There isn't much in the way of honest work in the Ghetto. For most buzzers, honest work means spending half the day working at a refinery out in the Badlands. Whether they work or not, worm fare keeps them from traveling unnecessarily, trapping them in the overpopulated ward. Thus many plant their feet where they live, busying themselves with sex and crime. A little like you.
Though most of the workers are yet to return to the ward, its stone streets are still busy. As you make your way to Facade #3 while doing your best to avoid secluded places and shady characters, you end up wading through crowds of people traveling, idling, and hustling, the overwhelming majority of them being buzzers. The race produces dozens of larvae with every pregnancy, and though many die before reaching maturity, at times as much as half of the batch makes it, often growing up in the same oppressive poverty that produced them.

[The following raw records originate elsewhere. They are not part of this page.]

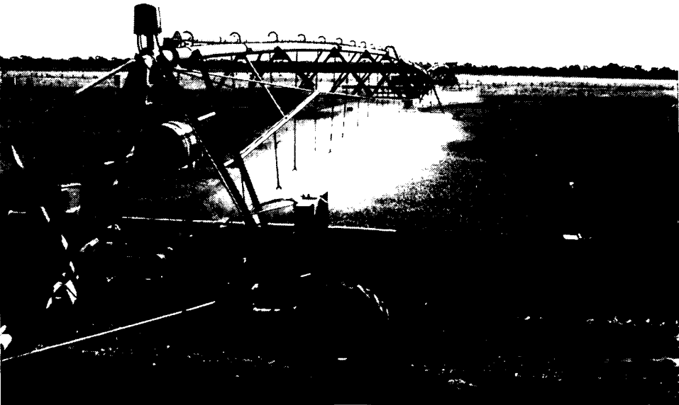
A spray irrigation system being used to study the growth of rice under intermittent irrigation. Rice uses a large proportion of the irrigation water in south eastern Australia and reducing the quantity applied will increase the efficiency of production and reduce accessions to the groundwater.

CSIRO—Division of Environmental Mechanics
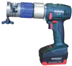
RPG ONE Cordless
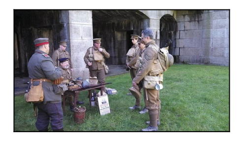
A fan of WWI history? Check out the 3rd annual WWI Encampment on Saturday and Sunday.

Still, you encounter other refugee races, but not one of Demiurge's creations in the first thirty minutes of your journey. Most carry little except for worn clothes on their back and those that are better off are suitably armed to keep what they have. All with lowered heads and most sticking to themselves, but you are painfully aware of the fact that buzzers do not need to look at you in order to look at you thanks to their protruding, segmented eyes. Still you cannot resist glancing at the red orbs, feeling their resentment, their hunger, and an occasional sting of malice. This is par by course for the ghetto, but there is something else, a burning wisp in the haze of feeling: righteous anger. Anxiously, you look for its source – for something recent and concrete that might inspired the feeling – and are quick to notice that something is wrong in the ward. The Temple Guard, a rare sight in the Ghetto, are posted on every other street outside of suspiciously quiet buildings. Some are tense while others are almost shaking in their sabatons. At some point you pass a collapsed husk of concrete that was once a building, a globe of thick, sticky waste covering the ruins – a buzzer dwelling made out of rot, rubbish, and excrement – only the stinking structure had clearly been scorched and is still smoking, the stench coming from it almost less bearable than every other smell in the ward combined. There must have been a recent raid and you cannot help but wonder if one or more of the hundreds around you intend to harm you in reprisal.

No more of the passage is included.